Today, IRD will open the books on about 400 of the wealthiest New Zealanders and answer a question people here and overseas have been asking for decades: do they pay their fair share of tax?
In 2020, an early attempt at this research suggested they did not and that many of New Zealand’s wealthiest were paying effective tax rates below statutory tax rates.
Today’s research, which looks into the tax affairs of people worth more than $50 million (or $20m if they control a significant asset like a company), is expected to confirm this suspicion.
Revenue Minister David Parker will not use the occasion to announce any new taxes to fix the disparity. That, it seems, is for another day - and possibly another government.
An announcement today, or in the coming weeks, of Parker’s tax principles legislation, which would force the Government to own up to the unfairness of the tax system every time it taxes people, is more likely.
New Zealand’s tax system is meant to be progressive, which means the more people earn, the more they are taxed as a proportion of their income.
However, not all income is taxed equally - and some income, like most capital gains, is not taxed at all.
An early attempt by IRD and Treasury at working out how much tax was paid by the wealthy reckoned that the wealthiest Kiwis paid an effective tax rate of 12 per cent on their income, and 42 per cent of those wealthy Kiwis paid less than 10 per cent of their income in tax.
Someone earning a median income of $55,000-$60,000 will find themselves paying an effective tax rate of 16-18 per cent on their income - and 15 per cent more in GST whenever they try to spend what’s left over.
Those calculations were based on unreliable data like the NBR rich list. Today’s release by IRD and Treasury will be far more robust.

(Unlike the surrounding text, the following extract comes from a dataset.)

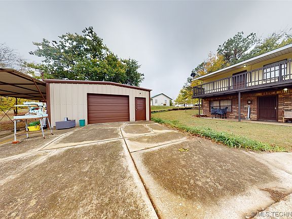 Seller is offering $5,000 to be applied to Buyers closing costs! Spacious 4 bedroom 3 bath home located in Kingston. 2 bedrooms are at ground level and 2 bedrooms are at finished walk-out basement. 1 bedroom does have access to balcony. Located on a well shaded corner lot at North end of Kingston. Easy access for commuters to get on highway, only 10 minutes to Lake Texoma State Park and 7 minutes to Wal-Mart. Plenty of parking available. Circle drive in front and large driveway in back. Property has a large 1-car attached garage, plus additional shop/garage with a carport on the side allowing for boat coverage. You can walk out onto the balcony from the dining area. Great for entertaining and visiting with family and friends. This beautiful and well maintained home has large bedrooms, open kitchen, dining and living areas.

The tax data of the 400 or so individuals will be anonymised, meaning it will not be possible to dial up specific rich people to see how much tax they pay. What IRD will be able to do, however, is draw some general conclusions about the tax affairs of the wealthy and how they compare with the more boring tax affairs of ordinary people.
Deloitte tax partner Robyn Walker said the outcome of the report was “quite obvious from even before the report was commissioned”.
“At the end of the day, there’s no denying that people that have a lot of capital have capital gains, which are not subject to tax,” Walker said.
“So it’s not going to surprise that there’s an effective tax rate that’s below the marginal tax rate,” she said.
Walker said the more interesting question would be how this compares to the effective tax rates paid by ordinary Kiwis.
The Government is releasing a simultaneous report from Treasury which will look at the amount of tax paid by ordinary people, not just through income tax, but in areas like GST. The report is designed to be compared with the IRD report.
Tax consultant Terry Baucher said the IRD report will likely show a “mismatch” between wealthy people’s total incomes and their rate of taxation.
“It appears that there’s an extensive amount of economic income which isn’t being taxed,” he said.
“If you look at the growth in the economic value of a person - the high, high-net-worth individuals - and then compare that with what we know has been declared in income, you’d be looking at an extreme mismatch,” Baucher said.
Walker said the difficulty with using a new tax to fix the problem is that the current system, for all its flaws, had a useful simplicity.
“One of the great things about the New Zealand tax system is that it’s relatively straightforward.
“When you get to wanting to tax something different or unusual - you’re looking at diminishing returns in terms of the layers, layers of complexity and compliance,” Walker said.
“One of the criticisms of capital gains tax is that it is really complex, and it’s not a predictable source of income either,” she said.
The impending release of IRD’s research has piqued the interest of people wanting to argue the opposite. OliverShaw tax advisers commissioned Sapere to report on the level of tax paid by wealthy people.
That report argued the wealthy were in fact paying their fair share of tax, particularly if you factored in that people on lower incomes were likely to get benefits in the form of Working for Families tax credits.
Baucher said there were other taxes New Zealand did not have, which also tended to give the wealthy an easier tax ride here than elsewhere.
One example is the lack of a death duty or inheritance tax, which was done away with in the early 1990s.
Baucher said he was concerned that the current tax regime entrenched the inequality between rich and poor.
“The concern I would have is that accidents of birth are going to make potentially greater and greater impact for people,” he said.